A produção de conteúdo para televisão – no Brasil e em qualquer parte do mundo – é uma atividade com forte impacto sobre a construção da imagem do país e a sedimentação da sua cultura. É também uma atividade econômica de peso, parte de um elo que começa nos modelos de financiamento à produção e vai terminar justamente nas emissoras de televisão, que são quem exibem e comercializam o produto.

Desde os anos 1970, no entanto, com a verticalização do modelo de negócios na televisão brasileira as redes abertas tornaram-se monolíticas, auto-suficientes e dispuseram-se a produzir praticamente tudo que exibem. Não apenas esse modelo não encontrava respaldo em qualquer outros existente no mundo, como acabou por gerar uma atrofia na produção de televisão e na qualidade do produto exibido, com um impacto altamente negativo sobre o compromisso constitucional das emissoras de televisão com a sociedade.

A boa notícia é que essa distorção passou a ser discutida, depois de anos em que pareceu relegada à condição de uma situação de fato ruim, mas que a sociedade tem que engolir para o resto da vida. O problema é que depois de tanto tempo e de tantas distorções sedimentadas, depois que a existência potencial de centros produtores pluralizados e regionais foi congelada, o debate sobre a questão tem que se dar tanto ao nível político quanto técnico.

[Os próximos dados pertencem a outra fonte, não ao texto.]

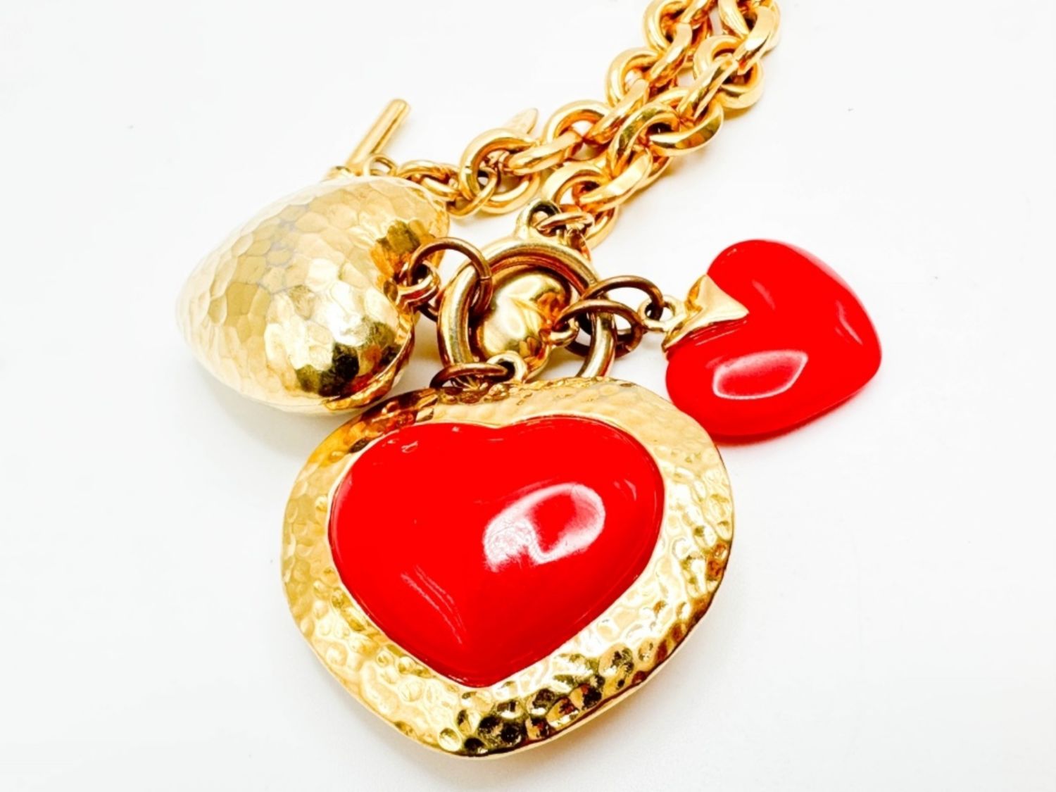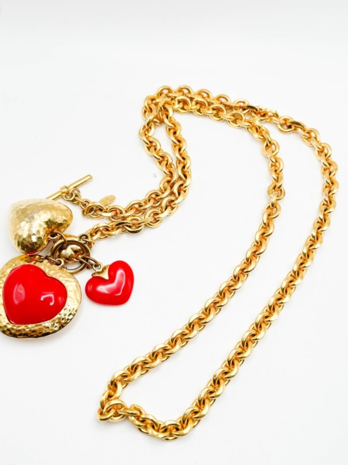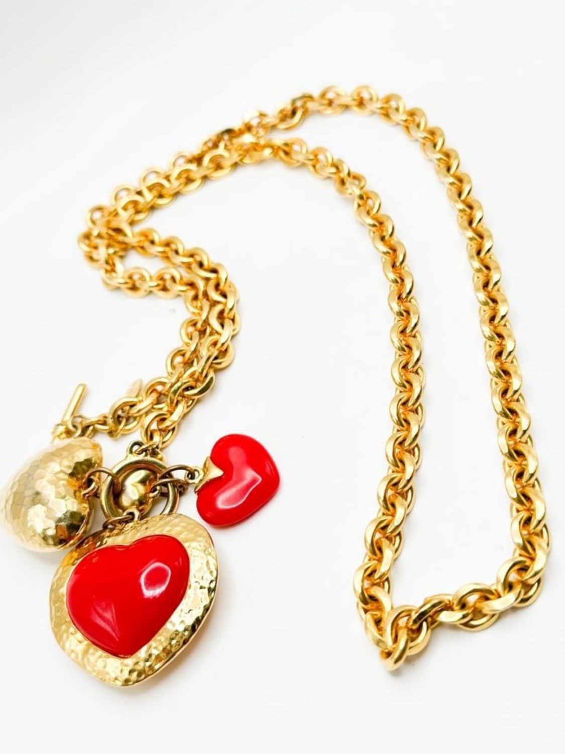 CAROL LEE LARGE RED AND GOLD HEARTS NECKLACE
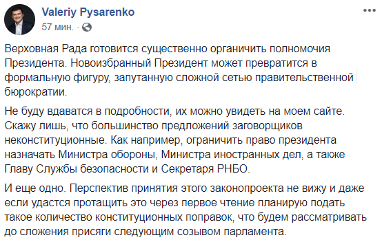 И еще одно. Перспектив принятия этого законопроекта не вижу и даже если удастся протащить это через первое чтение планирую подать такое количество конституционных поправок, что будем рассматривать до сложения присяги следующим созывом парламента", - заявил Писаренко.
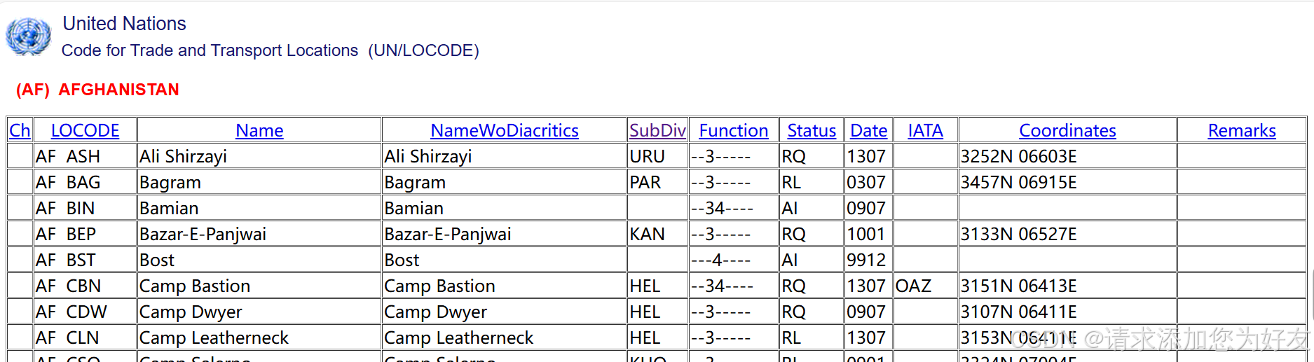 df = pd.DataFrame(data, columns=['Country', 'LOCODE', 'Name', 'SubDiv', 'Coordinates'])

A pluralização da produção televisiva no Brasil é, a esta altura, inestancável. O desafio mais importante é fazê-la eficiente para os produtores, as emissoras e a sociedade brasileira – e não transformá-la em objeto de manipulações e posturas sectárias que só vão contribuir para o atraso do processo, assim como da televisão e do povo brasileiros.